Actually thats misleading. Although it uses parallel V extrusions which tend not to roll laterally, the Terminator uses a floating air bearing. If I hooked up a high pressure pump I could blow the arm off its rail. If there are any deviations in air flow this arm will bounce along the rail.

The Eminent Technology uses a far superior captured air bearing - the spindle runs through a manifold and air is forced around the tube applying pressure 360 degrees. This is far more rigid and stable - any deviation in air pressure at any point is met with a correcting force on the other side.

Not all "tube" air bearing arms are fully captured. Some have air holes only on the top side, which means there is no resistance to bottoming out.

I have an issue with arms like the Rockport & Kuzma where the air is forced into the moving arm - in my view this must play havoc with tracking force at a micro level because the plastic air hose will try to straight out under pressure, hence exerting vertical pressure on the arm.

With the Eminent Technology the air is piped into the manifold.
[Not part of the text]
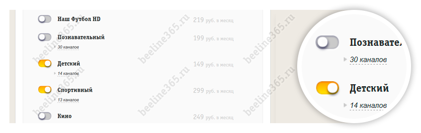 Далее, содержатся сведения о домашнем телевидении Билайн – название тарифа, характеристики подключенного оборудования, размер абонентской платы и список каналов. При необходимости, здесь можно включить отдельные группы каналов, а также заказать бесплатное подключение до 3х дополнительных телевизоров к цифровому ТВ.

There are no air lines connected to the moving arm/spindle.

@ledoux1238

If you really want to make a substantial upgrade to your front end you should investigate the Eminent Technology ET2/ET2.5 - even an old ET2 low pressure will trounce the Terminator - I’ve heard both - there is no comparison.

The ET has a decoupled counterweight system that can be tuned to the cartridge compliance - you can run anything on it from Decca's to high compliance Shure V15's.

 

@ledoux1238 

I have a pressure gauge, but to be honest I don't use it.

I have inserted it to check the pressure when I set the arm up or do a system check, but with the ET you can feel the pressure when you handle the arm. Here in NZ I use a moisture extractor prior to the entry to the arm because we have a humid environment and during winter when you have hold and cold patches, you can get condensation.